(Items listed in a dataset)
-- -- --

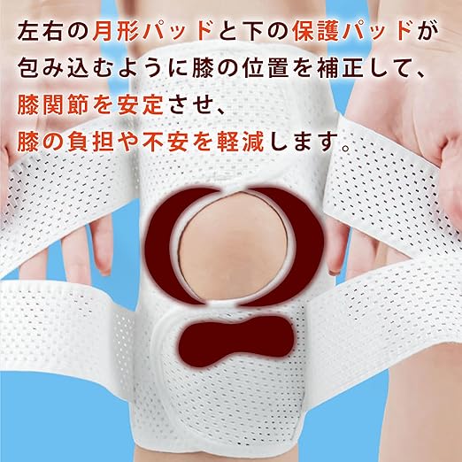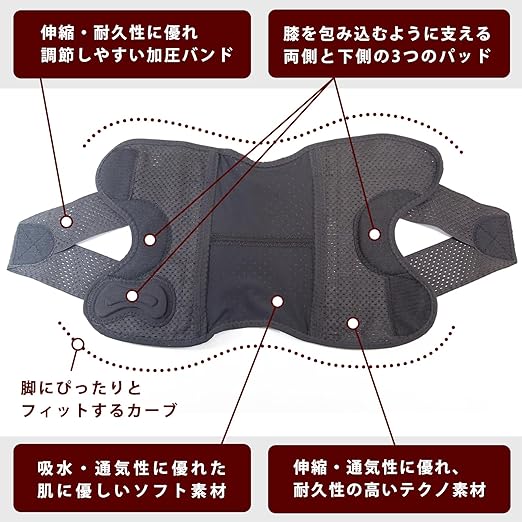 【商品概要】伸縮性のあるバンドで締めるタイプの膝サポーター(膝下のパッドが配置された改訂版)です。左右共通タイプで、バンドの加圧具合はご自身で調整可能。性別、年代を問わず、日常生活においてはもちろん、激しいサポーツをする際にもご使用いただけます。
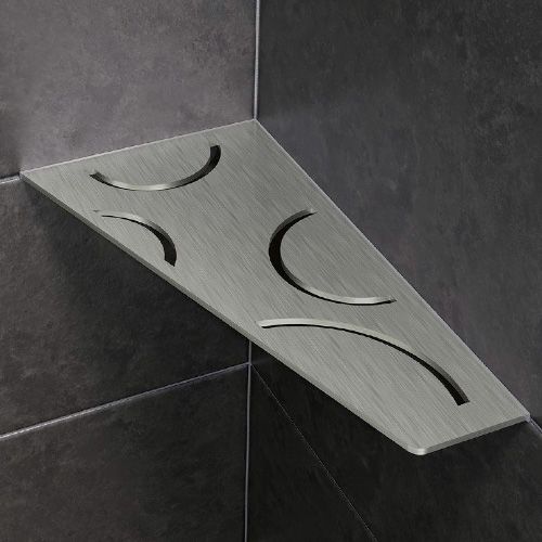Denne aflange hjørnehylde til shampoo i brusenichen er lavet i solidt rustfrit stål med børstet overflade.
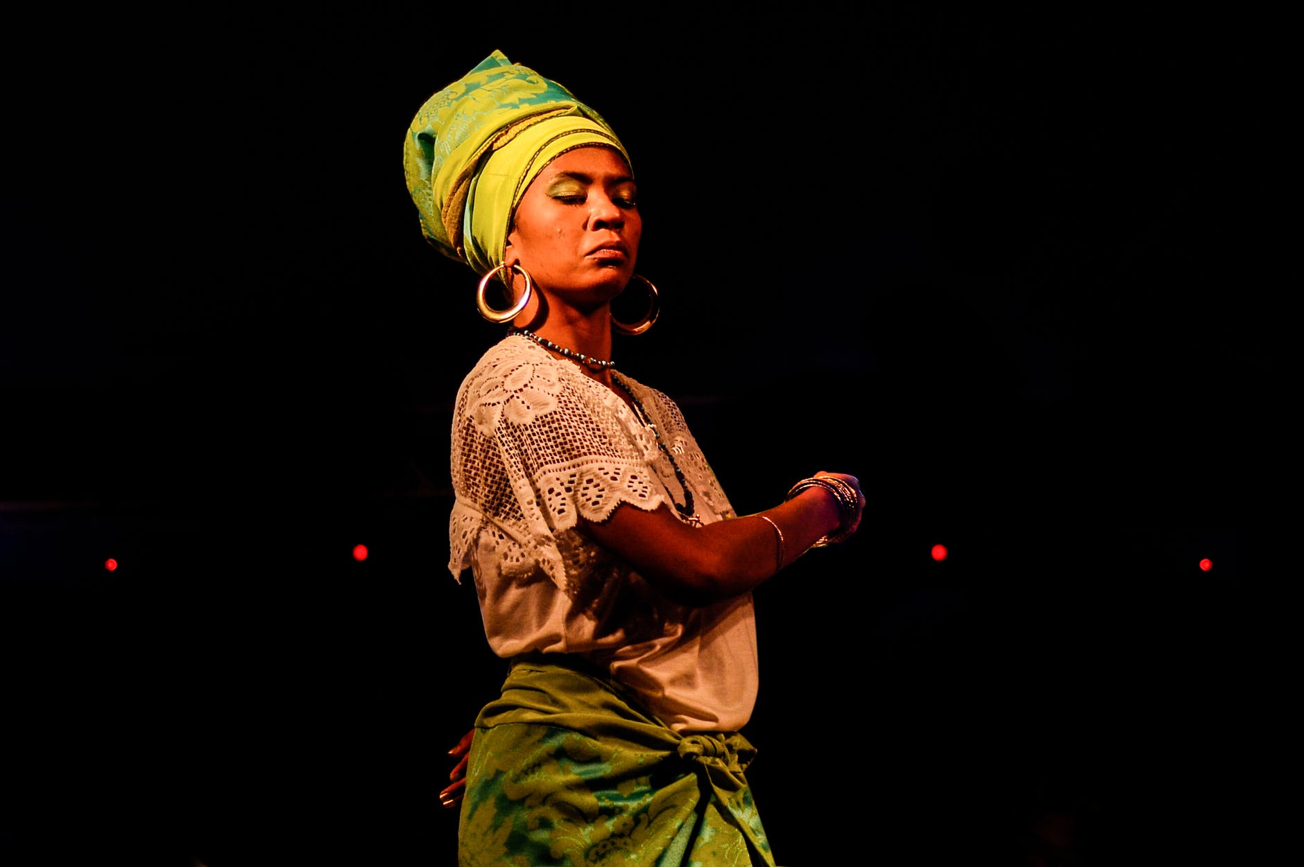 woman dancing near lights
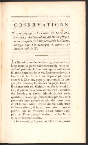 Voyage à Canton, capitale de la province de ce nom, à la Chine : par Gorée, le cap de Bonne-Espérance et les isles de France et de la Réunion / par le C. Charpentier Cossigny, ex-ingénieur : suivi d'observations sur le voyage à la Chine de Lord Macartney et du citoyen Van-Braam, et d'une Esquisse des arts des Indiens et des Chinois
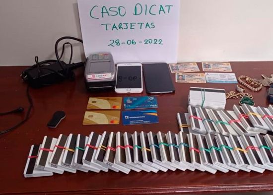 La Policía Nacional anunció el apresamiento en Santo Domingo Este de tres hombres como presuntos integrantes de una banda dedicada a realizar transacciones fraudulentas mediante la clonación de tarjetas pertenecientes a beneficiarios de los programas de la Administradora de Subsidios Sociales (ADESS).
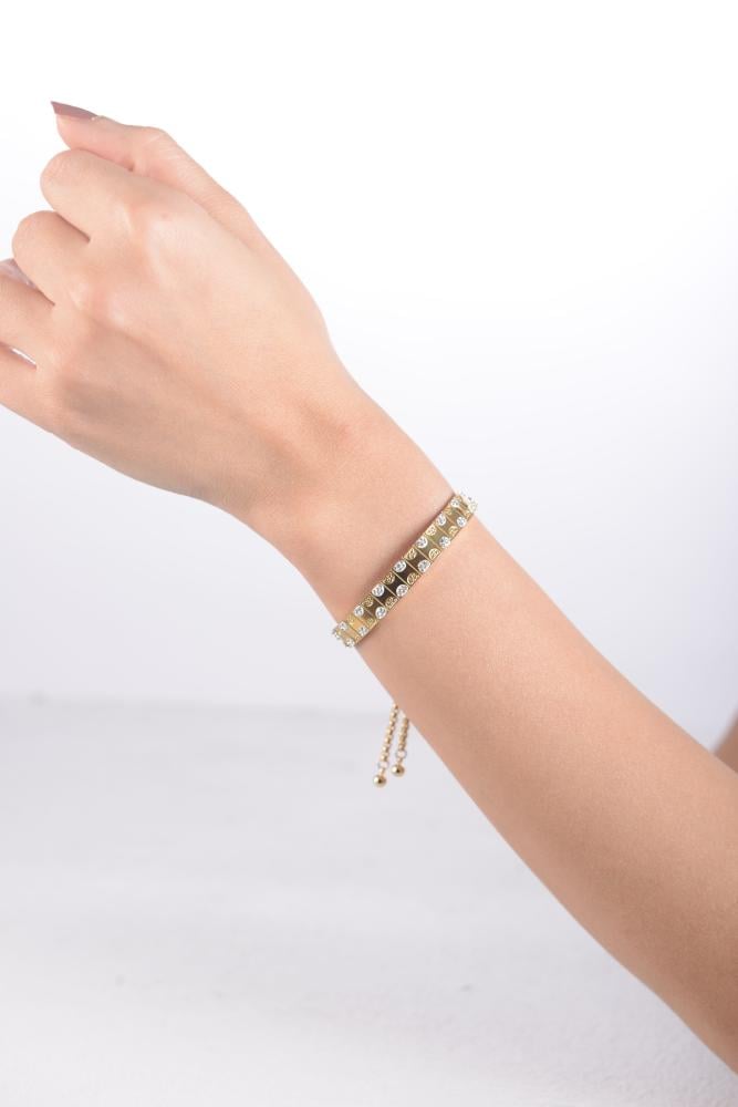 أضيفي لمسة من الرقي إلى إطلالتك مع هذه الإسورة الأنيقة المصنوعة من أستيل لامع عالي الجودة. تتميز بتصميم ناعم مرصع بفصوص براقة تمنحها مظهرًا فاخرًا يلفت الأنظار.
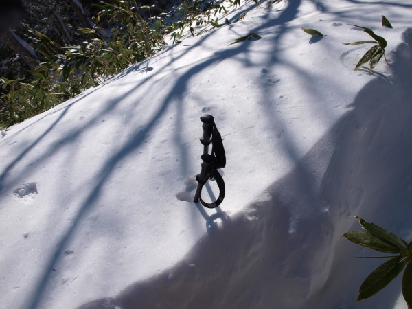 115〜120cmに調節してあるストックです。積雪は1m以上ありそうです。
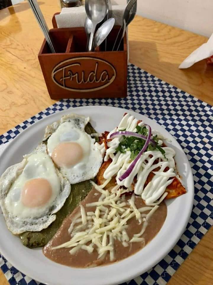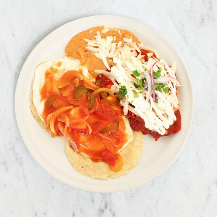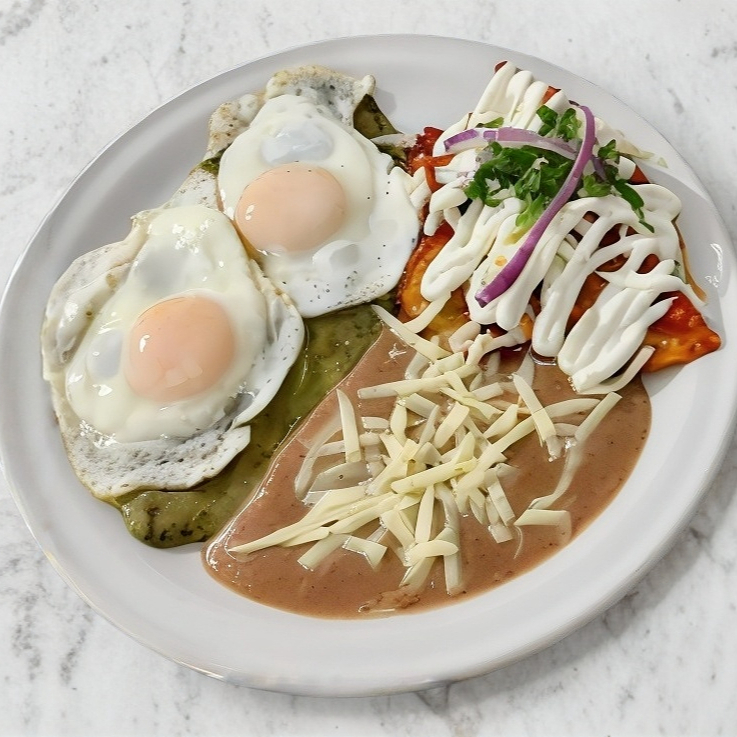 Dos huevos estrellados uno en salsa verde y otro en salsa roja. Acompañados de frijoles y chilaquiles verdes o rojos o alguno de los guisos. Si deseas puedes agregar guarnición extra de guisado.
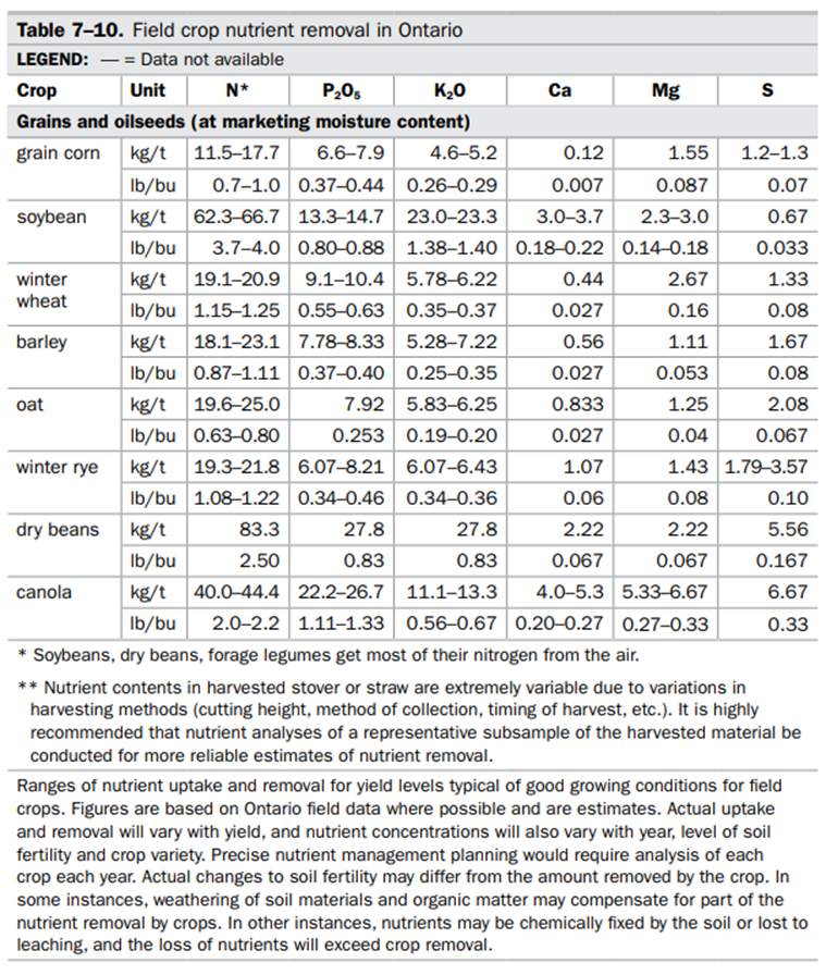 1. Crop Removal – take your yield by field or yield map and multiply it by the removal rate for phosphate or potash for the crop in question. See suggested OMAFA removal rates by crop below.
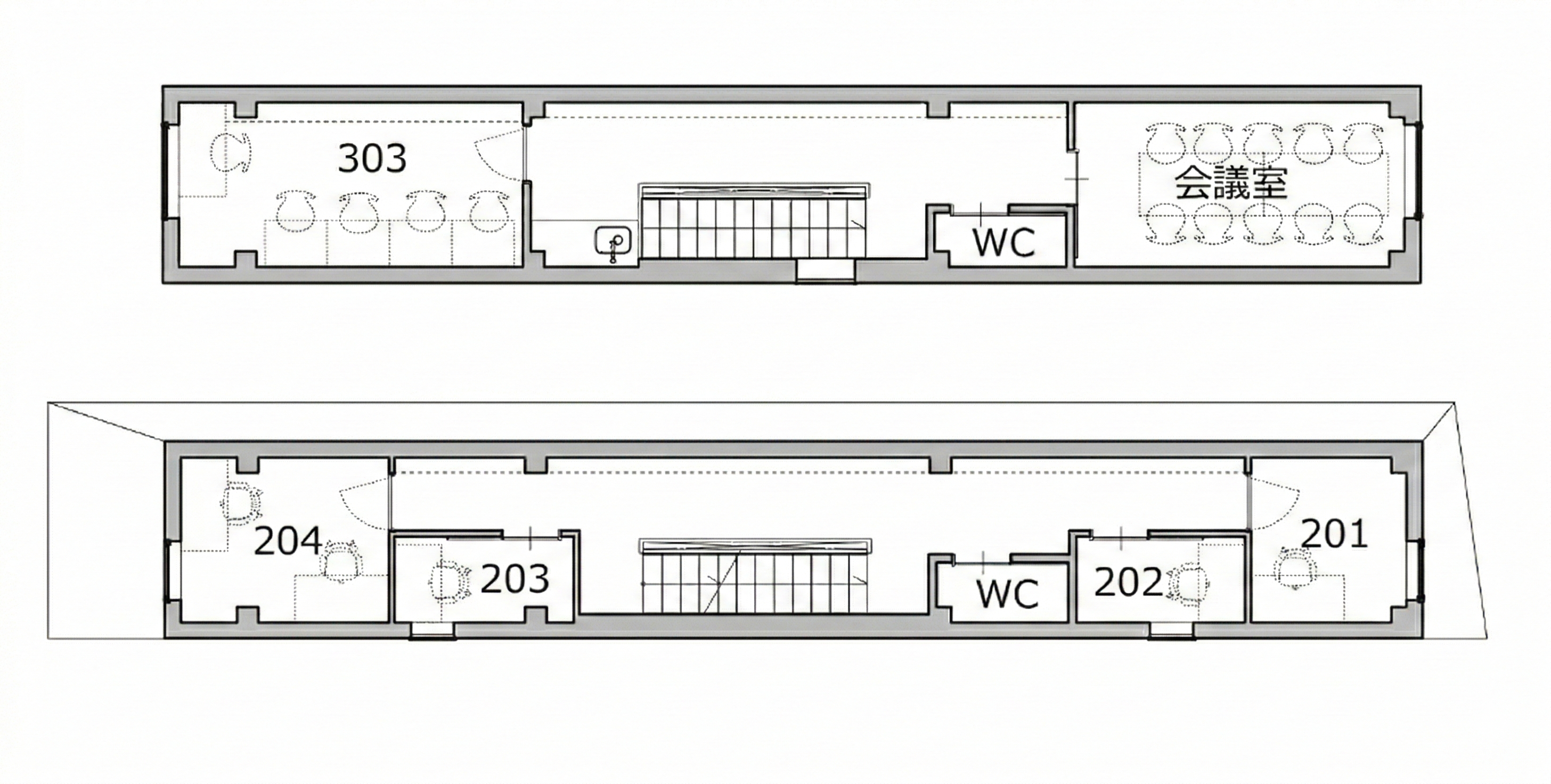 プライベートオフィスサービスの 「ほんまちBASE」 Honmachi Boat 2階、3階レイアウト
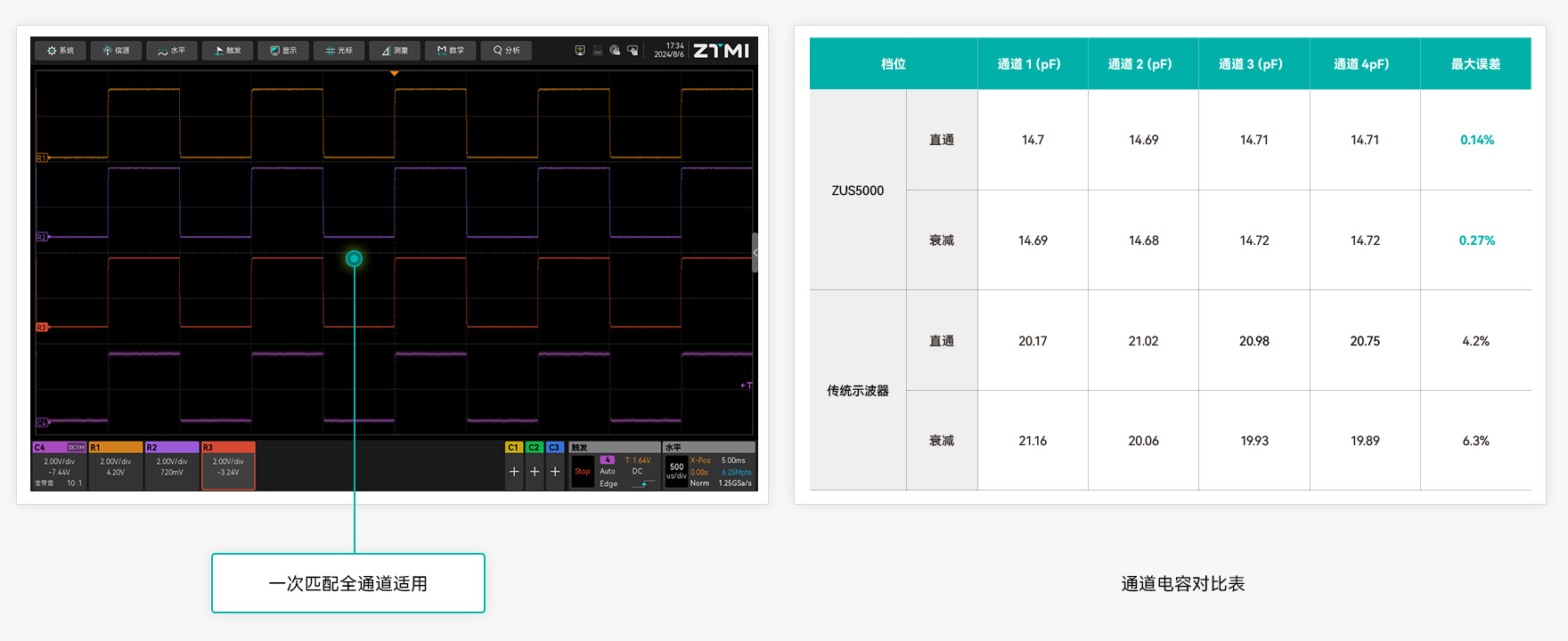 示波器探頭接入示波器通道需要進行電容匹配,傳統示波器通道電容一致性差,探頭連接不同通道(甚至不同垂直檔位)都需要匹配電容。ZUS5000 采用全新電路結構,保證通道間電容一致性,用戶匹配一次探頭即可全通道、全檔位使用。

-- -- --

**The problem**
Leave out the pictures and print every line of the data exactly.

**Task response**
 【商品概要】伸縮性のあるバンドで締めるタイプの膝サポーター(膝下のパッドが配置された改訂版)です。左右共通タイプで、バンドの加圧具合はご自身で調整可能。性別、年代を問わず、日常生活においてはもちろん、激しいサポーツをする際にもご使用いただけます。
Denne aflange hjørnehylde til shampoo i brusenichen er lavet i solidt rustfrit stål med børstet overflade.
 woman dancing near lights
 Voyage à Canton, capitale de la province de ce nom, à la Chine : par Gorée, le cap de Bonne-Espérance et les isles de France et de la Réunion / par le C. Charpentier Cossigny, ex-ingénieur : suivi d'observations sur le voyage à la Chine de Lord Macartney et du citoyen Van-Braam, et d'une Esquisse des arts des Indiens et des Chinois
 La Policía Nacional anunció el apresamiento en Santo Domingo Este de tres hombres como presuntos integrantes de una banda dedicada a realizar transacciones fraudulentas mediante la clonación de tarjetas pertenecientes a beneficiarios de los programas de la Administradora de Subsidios Sociales (ADESS).
 أضيفي لمسة من الرقي إلى إطلالتك مع هذه الإسورة الأنيقة المصنوعة من أستيل لامع عالي الجودة. تتميز بتصميم ناعم مرصع بفصوص براقة تمنحها مظهرًا فاخرًا يلفت الأنظار.
 115〜120cmに調節してあるストックです。積雪は1m以上ありそうです。
 Dos huevos estrellados uno en salsa verde y otro en salsa roja. Acompañados de frijoles y chilaquiles verdes o rojos o alguno de los guisos. Si deseas puedes agregar guarnición extra de guisado.
 1. Crop Removal – take your yield by field or yield map and multiply it by the removal rate for phosphate or potash for the crop in question. See suggested OMAFA removal rates by crop below.
 プライベートオフィスサービスの 「ほんまちBASE」 Honmachi Boat 2階、3階レイアウト
 示波器探頭接入示波器通道需要進行電容匹配,傳統示波器通道電容一致性差,探頭連接不同通道(甚至不同垂直檔位)都需要匹配電容。ZUS5000 采用全新電路結構,保證通道間電容一致性,用戶匹配一次探頭即可全通道、全檔位使用。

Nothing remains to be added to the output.